# Cycling Scene - St. Gallen, East Switzerland, Switzerland as a Whole...



## BermudaBrown (May 28, 2012)

Hello,

Looking at this area as a potential (still potential at this point) job offer has come up.

Can anybody fill me in on the cycling scene for locals there? I'm pretty much uni-lingual (English, with some awful French)... will I be able to find good rides, race, or even find my group at the start line?

What are the trails like?

Road riding?

Is there good junior development available?
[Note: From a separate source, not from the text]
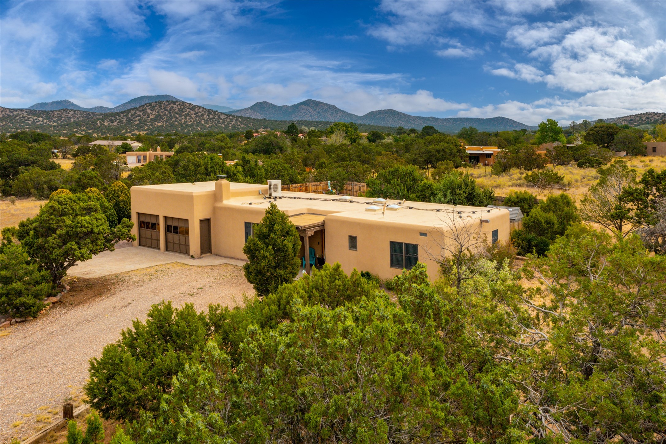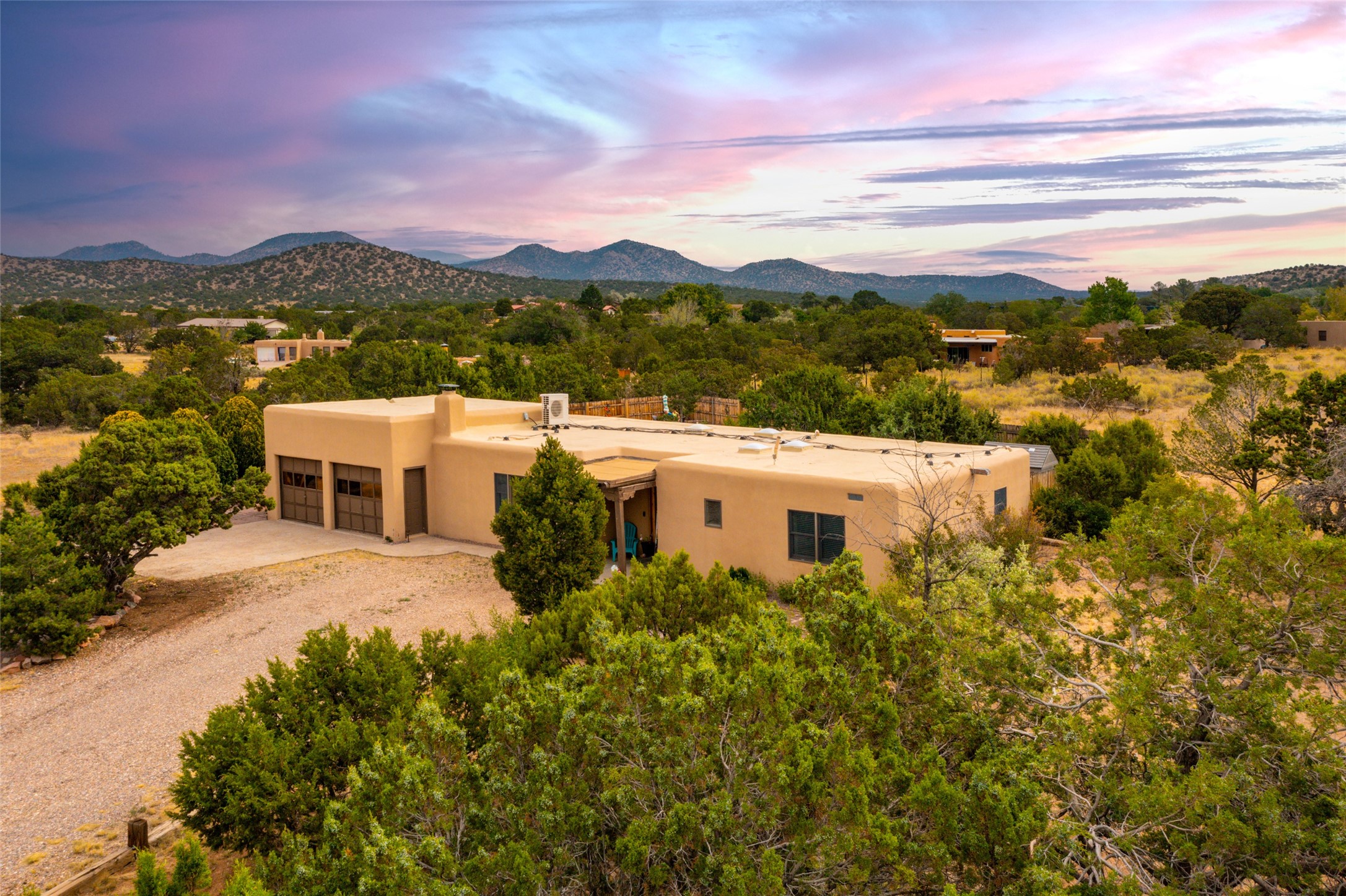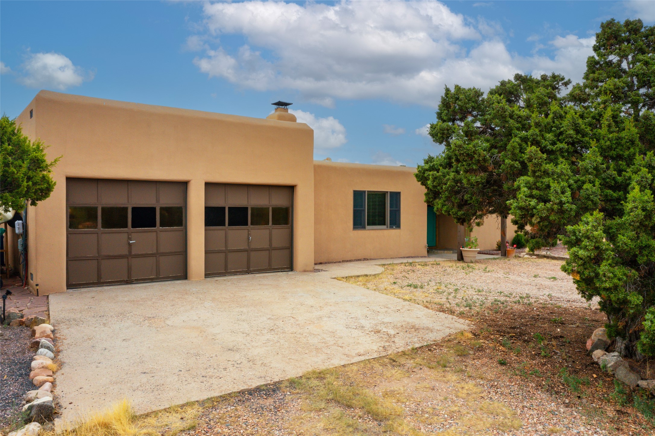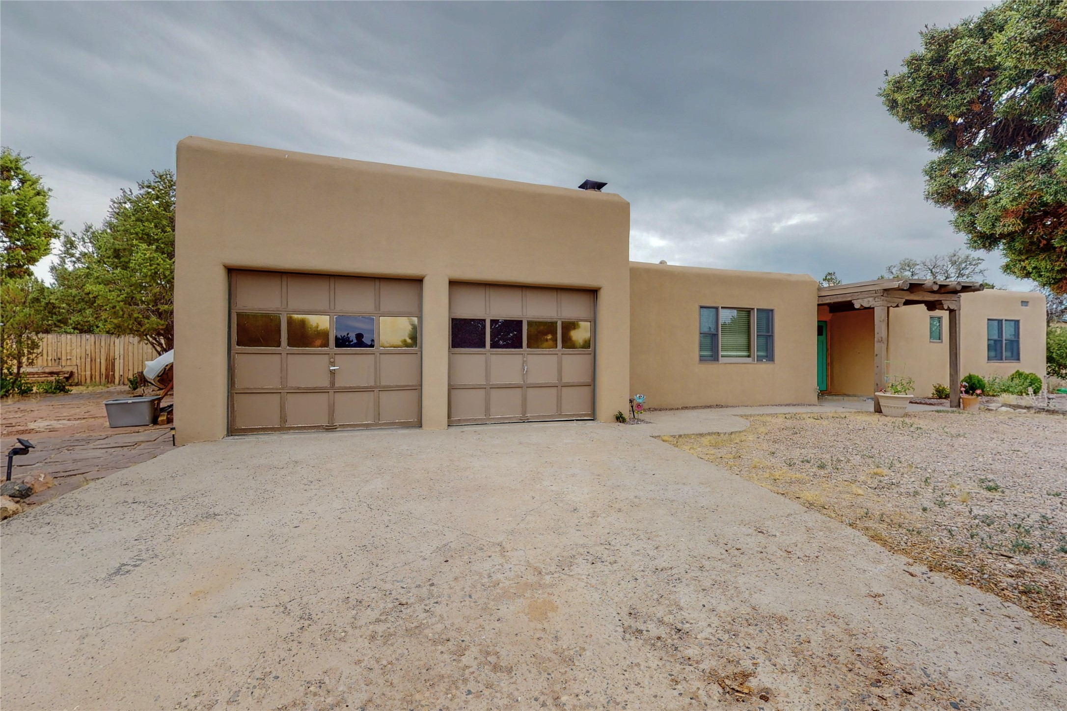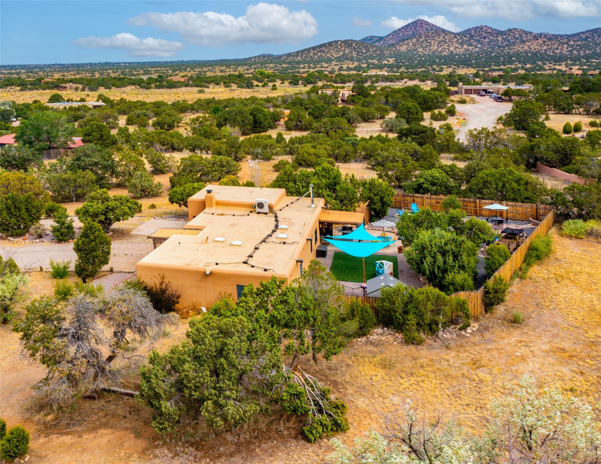 Great opportunity to own a 3-bedroom + Den/office, 2-bath, 2-car garage home on a 1-acre private treed lot in Eldorado on a quiet road. Recently remodeled with luxury vinyl flooring in living areas, new bathrooms, new wood stove, new kitchen appliances, newly installed fans, and freshly painted. Relax in the beautifully landscaped fenced-in backyard observe the sunset over the Jemez mountain range and then gaze up to the dazzling star-filled night sky. Situated in the best location near the first entrance with a quick commute to town, walking distance to Eldorado Community School, community center, pool, tennis courts, playground, and dog park. These features along with 5-mini-split cooling/heating units make this a turnkey home, ready to move into.

Thanks in advance and pardon my ignorance!


----------



## superfetch (Aug 10, 2010)

hello bermudabrow, st.gallen is pretty good for biking. starting directly in the town you can go for several loops from 1h to 3h riding with nice climbs and single trails. with a 40min car-ride you reach several spots in the reinthal-area, liechtenstein or austria (vorarlberg) with great mountain-trails up to 2000m above sea. with a 60min car-ride you reach chur, from where you can start for epic rides up to 2500m above sea into the ski ressorts of lenzerheide, arosa or laax. for road biking the region around st. gallen in direction of appenzell and reinthal is very versatile; in addition you might want to start in reinthal and ride some challenging alpine passes in vorarlberg.

cheers


----------